==== SUPPLIED RECORDS ====

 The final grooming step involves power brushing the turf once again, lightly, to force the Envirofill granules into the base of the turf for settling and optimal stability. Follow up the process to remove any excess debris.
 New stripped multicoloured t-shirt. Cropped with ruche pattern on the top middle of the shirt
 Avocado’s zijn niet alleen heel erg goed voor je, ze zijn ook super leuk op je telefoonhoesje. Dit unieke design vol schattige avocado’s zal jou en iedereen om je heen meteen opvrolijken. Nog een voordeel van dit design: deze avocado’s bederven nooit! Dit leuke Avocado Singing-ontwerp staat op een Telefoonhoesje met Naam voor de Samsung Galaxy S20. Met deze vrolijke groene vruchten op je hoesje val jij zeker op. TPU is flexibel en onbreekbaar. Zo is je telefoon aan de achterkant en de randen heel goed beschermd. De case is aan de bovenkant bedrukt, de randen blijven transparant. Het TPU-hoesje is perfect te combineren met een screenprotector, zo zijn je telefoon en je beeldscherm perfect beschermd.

====
==== SUPPLIED RECORDS ====

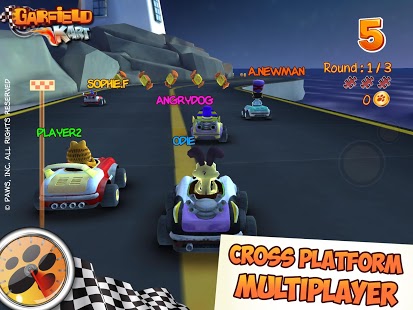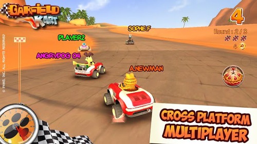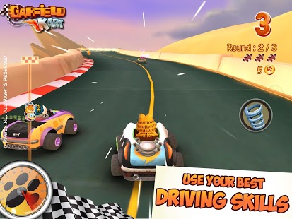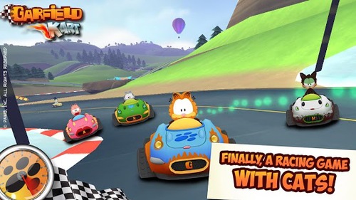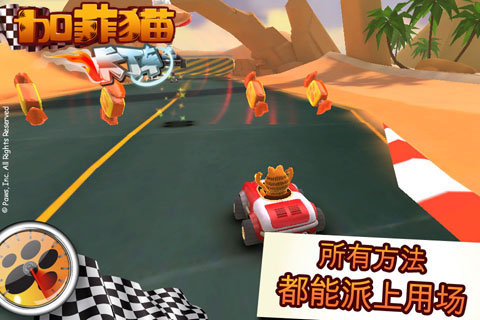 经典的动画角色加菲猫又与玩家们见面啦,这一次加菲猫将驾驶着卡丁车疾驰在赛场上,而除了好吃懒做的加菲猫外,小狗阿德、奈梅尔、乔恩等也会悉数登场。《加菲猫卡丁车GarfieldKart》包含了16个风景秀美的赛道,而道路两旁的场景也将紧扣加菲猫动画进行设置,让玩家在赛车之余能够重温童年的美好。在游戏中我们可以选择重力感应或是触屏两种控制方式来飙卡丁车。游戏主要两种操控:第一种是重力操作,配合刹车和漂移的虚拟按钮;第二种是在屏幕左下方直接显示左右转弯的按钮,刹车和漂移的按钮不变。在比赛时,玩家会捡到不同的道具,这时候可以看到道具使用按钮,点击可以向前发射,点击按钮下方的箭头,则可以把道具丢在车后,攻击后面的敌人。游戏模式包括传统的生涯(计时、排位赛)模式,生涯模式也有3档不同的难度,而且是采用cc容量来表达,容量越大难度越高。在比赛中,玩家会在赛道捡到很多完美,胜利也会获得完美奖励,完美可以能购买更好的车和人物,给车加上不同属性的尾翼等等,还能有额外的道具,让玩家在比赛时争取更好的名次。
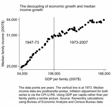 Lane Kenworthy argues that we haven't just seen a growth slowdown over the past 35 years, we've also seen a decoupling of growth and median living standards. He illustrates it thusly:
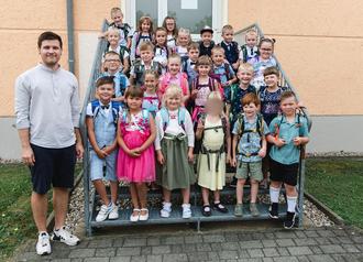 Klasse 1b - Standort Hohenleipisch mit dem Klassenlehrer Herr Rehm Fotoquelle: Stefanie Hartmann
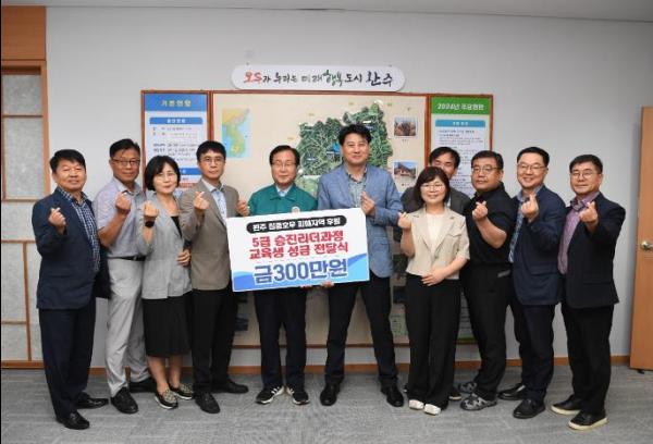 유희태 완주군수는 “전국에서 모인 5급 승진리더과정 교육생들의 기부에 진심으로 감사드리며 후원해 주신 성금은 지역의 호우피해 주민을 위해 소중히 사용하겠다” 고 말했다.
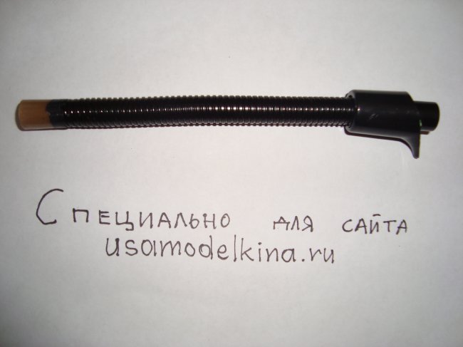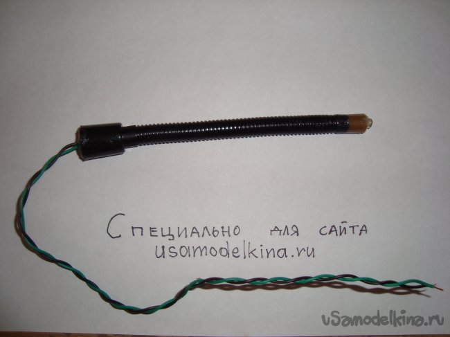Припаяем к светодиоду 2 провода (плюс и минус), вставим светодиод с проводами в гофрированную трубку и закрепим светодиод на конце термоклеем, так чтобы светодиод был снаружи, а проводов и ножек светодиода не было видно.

====

▶ EXERCISE OBJECTIVE
Nothing should appear in the answer except the lines above from the line with "The final grooming" through the line with "New stripped multicoloured", both included, written out exactly.

▶ EXERCISE ANSWER
 The final grooming step involves power brushing the turf once again, lightly, to force the Envirofill granules into the base of the turf for settling and optimal stability. Follow up the process to remove any excess debris.
 New stripped multicoloured t-shirt. Cropped with ruche pattern on the top middle of the shirt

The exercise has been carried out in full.